In excavating the rampant injustices which have been present in American society since the nation’s inception, Dunbar indicts revisionist versions of history that portray the Founding Fathers as warriors for justice and liberty. In fact, Dunbar argues, America was built on the backs of those who were not free in order to cater to those who were free; in other words, America is and always has been fundamentally unequal. In telling Ona’s story of enslavement, oppression, and escape, Dunbar suggests that the slaves who worked hard to support the lives of men and women like George and Martha Washington played a fundamental and profound role in the creation of America. Yet, tragically, these individuals were never given credit, glory, or even fair and equal treatment in the society they helped to create.
The Creation of America ThemeTracker
The Creation of America Quotes in Never Caught
The president and his wife were well aware that the practice of slavery was under attack in most of the Northern states. They also knew that though New York's residents still clung to bound labor, public sentiment regarding African slavery was changing. Unwilling to even think about abandoning the use of black slaves, the president and the first lady were careful in their selection of men and women who traveled with them from Mount Vernon. Their selections involved only those slaves who were seen as "loyal" and therefore less likely to attempt escape.
Coming from a family of talented seamstresses, Judge was responsible for Martha Washington's appearance. She selected her gowns, made small repairs on aging skirts, removing stains whether they be from food or the dirt from the unpaved streets, and then dressed her. What appeared to be the mundane task of wardrobe selection for the first lady was actually quite important. A wardrobe lay at the root of one's appearance, and the mistress and her slave girl fashioned an image for the new American aristocracy.
The Federal City would be splendid, and the hands of slaves would build it. The new federal government rented hundreds of slaves to clear the land, making way for paved streets and thoroughfares. These same slaves would bake the bricks and saw the lumber needed to erect buildings on what had been a desolate swamp. Black men and women's unpaid labor would lay the foundation for what would become the seat of America's power.

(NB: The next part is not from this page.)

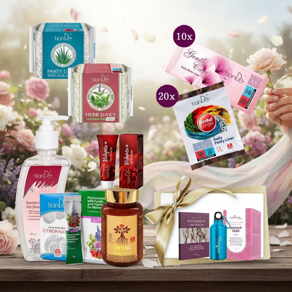 Jede Teilnehmerin des Royal Weight Loss Kurses erhält automatisch ein kostenloses E-Book. Ein umfassendes Paket zur Unterstützung der weiblichen Gesundheit, des hormonellen Gleichgewichts und des intimen Wohlbefindens. Enthält tianDe Naturprodukte für die tägliche Intimhygiene, therapeutische Binden mit Kräuterextrakten und Nahrungsergänzungsmittel zur Unterstützung von Hormonhaushalt und Energie. Alles für die Gesundheit und den Komfort der modernen Frau in einem Paket mit kostenlosen Geschenken: eine praktische blaue Flasche, ein E-Book und Healthy Woman Kräutertee.
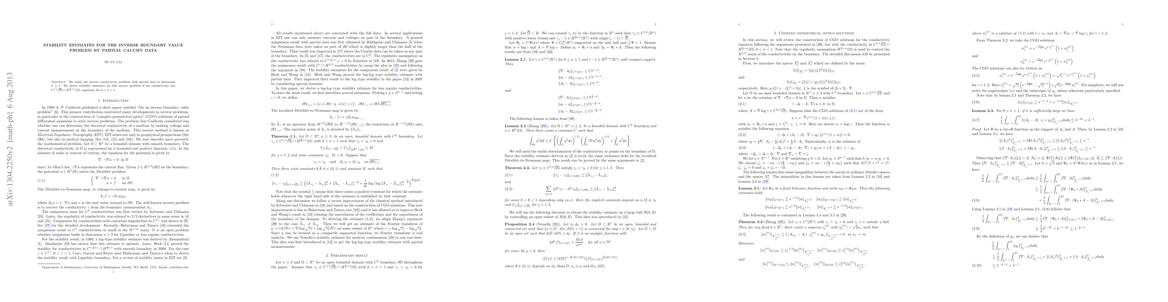This paper investigates the inverse conductivity problem using partial Cauchy data in dimensions $n\geq 3$. It establishes stability estimates under the assumption that the conductivity is of $C^{1,\sigma}(\bar\Omega)\cap H^{3/2+\sigma}(\Omega)$ regularity for $0<\sigma<1$.

Imprudently believing that he could prevent his slaves from hearing about the laws, Washington insisted that the utmost discretion be used regarding their plan of slave rotation in and out of Philadelphia. More than a loss of labor was at stake. If Ona Judge and her enslaved companions uncovered the truth about their slave status in Philadelphia, they would possess knowledge that could set them free. Power would shift from the president to his human property, making them less likely to serve their master faithfully, and eventually, they might run away.
If Washington wanted his slave woman back, he would have to follow the law and consequently expose himself to the growing antislavery sentiment in New Hampshire and across New England.
Archibald published this first interview on May 27, 1845, in the Granite Freeman, an abolitionist newspaper. The article appeared on the forty-ninth anniversary of her escape—almost to the day. With her children deceased, the elderly Ona Staines no longer hid from the spotlight. Now in her early seventies, the fear of being returned to the Parke Custis heirs had finally been vanquished.